Isolation of Arabidopsis cuticle is difficult because it is not only fragile but also much less than 100 nm thick [10, 21]. Franke et al. [10] isolated Arabidopsis cuticles from dried leaf discs that were incubated with cellulase and pectinase, but this method results in wrinkled cuticular membranes. Our previous experience with isolation of thicker cuticles (up to 10 μm, e.g. that of Ficus elastica or Hedera helix) led us to develop this method, which allows (i) shorter isolation time, (ii) separate isolation of abaxial and adaxial cuticles and (iii) absence of wrinkles in the isolated membrane. The first two of these points were achieved by mechanical disruption of the leaf surface opposite to that carrying the desired cuticle, and the third by keeping the cuticle floating on the water surface. The surface tension of water does not allow the cuticle to crease, and the arrangement with the internal side of the cuticle being hydrated and the external side surrounded by air prevents the contact of wax with the isolation medium. This contributes to good membrane quality even after isolation.

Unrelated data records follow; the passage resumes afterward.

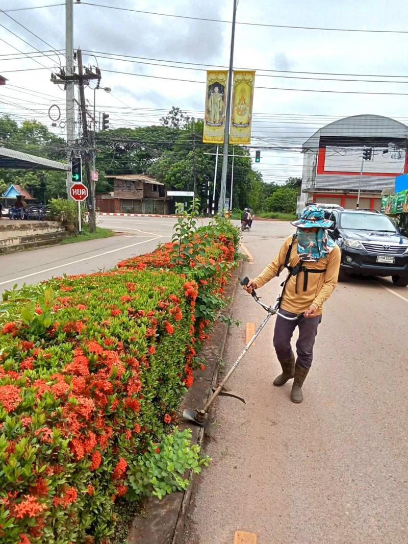 ตัดหญ้าและกำจัดวัชพืช พร้อมเก็บกวาดบริเวณเกาะกลางถนน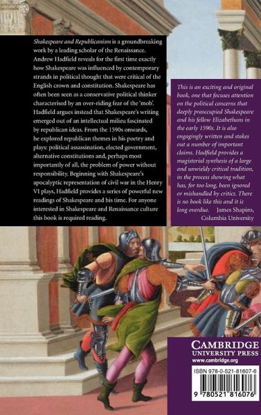 This groundbreaking work, first published in 2005, reveals exactly how Shakespeare was influenced by contemporary strands in political thought that were critical of the English crown and constitution. Shakespeare has often been seen as a conservative political thinker characterised by an over-riding fear of the 'mob'. Hadfield argues instead that Shakespeare's writing emerged out of an intellectual milieu fascinated by republican ideas. From the 1590s onwards, he explored republican themes in his poetry and plays: political assassination, elected government, alternative constitutions, and, perhaps most importantly of all, the problem of power without responsibility. Beginning with Shakespeare's apocalyptic representation of civil war in the Henry VI plays, Hadfield provides a series of powerful new readings of Shakespeare and his time. For anyone interested in Shakespeare and Renaissance culture, this book is required reading.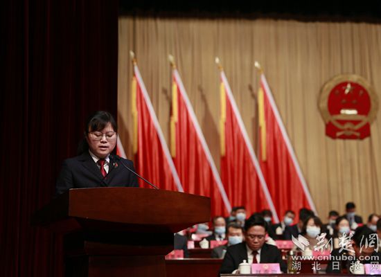 黃石市人民檢察院檢察長梁莉作市人民檢察院工作報告。金康 攝
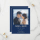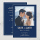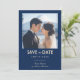 Turning the card over, the back showcases a solid navy blue background, providing a sleek and cohesive look. Here, you can include all the essential save the date information, such as names, venue details, and a personalised message. This ensures that your guests have everything they need in one elegant and inviting card.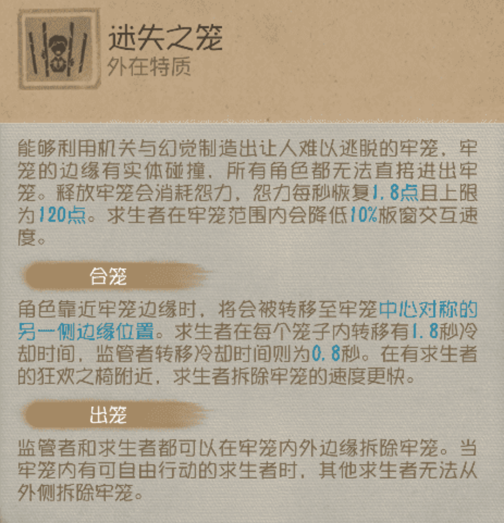 ②必须在笼内命中求生者才能使牢笼提前消失,若在笼内命中遁地的守墓人、先知的役鸟、记者的幻影等,牢笼不会提前消失。

Images obtained by optical and electron microscopy revealed the intactness of the isolated cuticle. The borders of pavement cells and guard cells, lining of stomatal pores and substomatal cavities, and envelopes of trichomes were clearly visible. No epicuticular wax crystals were observed. An amorphous layer rather than crystalline wax structures has also been observed in SEM images of intact leaves of A. thaliana [8, 15].

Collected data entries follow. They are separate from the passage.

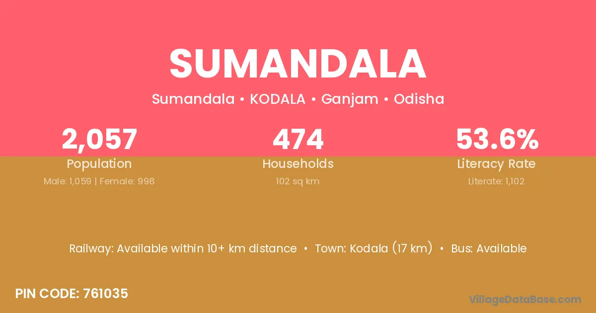 Kodala (17 km) is the nearest town to Sumandala village for major economic activities and is located approximately 17 km away.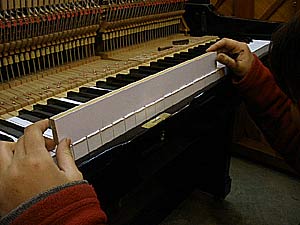 虫食いの鍵盤ブッシングクロスの交換作業。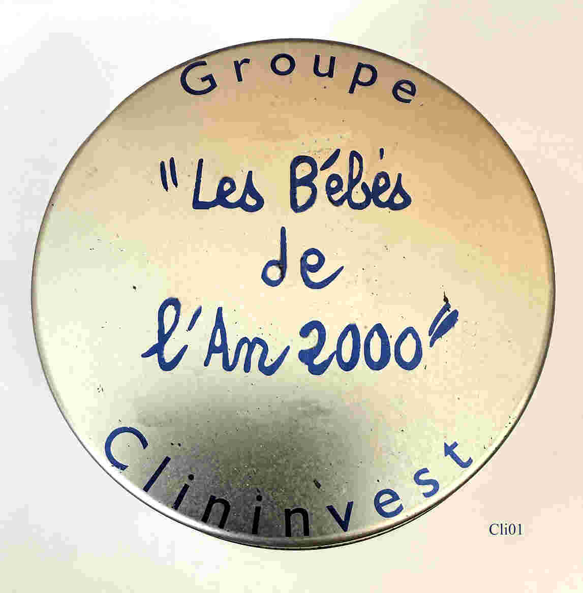 Eine Schreibtischuhr von der Firma Groupe Clininvest zur Begrüßung der Kinder des Jahres 2000. Design: Albert Dupont Ende 1999. Limitierte Serie von 131 Stück, plus 20 für den Designer. Beschriftet vorn: Kinder Fußabdrücke, hinten: “Groupe, Clininvest, “Les Bébes de L’An 2000”, Serie Limité, Logo Albert Dupont, @A&T Editeur”. Uhrwerk SIIO PC21A

The total amount of cuticular wax was estimated to be 0.91 μg cm−2 when a non-polar solvent (chloroform) was used for its extraction from intact leaves. This is in good agreement with previously published results (0.7 μg cm−2 [21]; 0.9 μg cm−2 [7]; 1.2 μg cm−2 [5]). Isolation of the cuticle led to a higher yield of extracted wax. For isolated cuticles, the contact time with CHCl3 for wax extraction was long (24 h). On the other hand, contact time with CHCl3 during washing of leaf surfaces was limited and it was very difficult to estimate the length of contact time sufficient for complete wax extraction without contamination by compounds originating from the leaf interior. We chose a contact time for washing of 30 s, similar to Kim et al. [19], whereas other authors used a longer (2 × 30 s) [7] or shorter (10 s) [27] time when extracting wax from Arabidopsis leaves. Bourgault et al. [5] tested several solvents and extraction times (0.5, 1, 2 and 5 min) and found no significant differences in the wax amount. On the other hand, Bewick et al. [4] found that a much longer time was needed for extraction of epicuticular hydrocarbons from the leaf surface of Solanum americanum (up to 6 h) and Panicum repens (up to 1 h). It is obvious that for proper wax extraction, the duration of contact between cuticle and solvent is important, and cuticle isolation allows increased contact time and simplification of extraction steps, which are usually more complicated [14].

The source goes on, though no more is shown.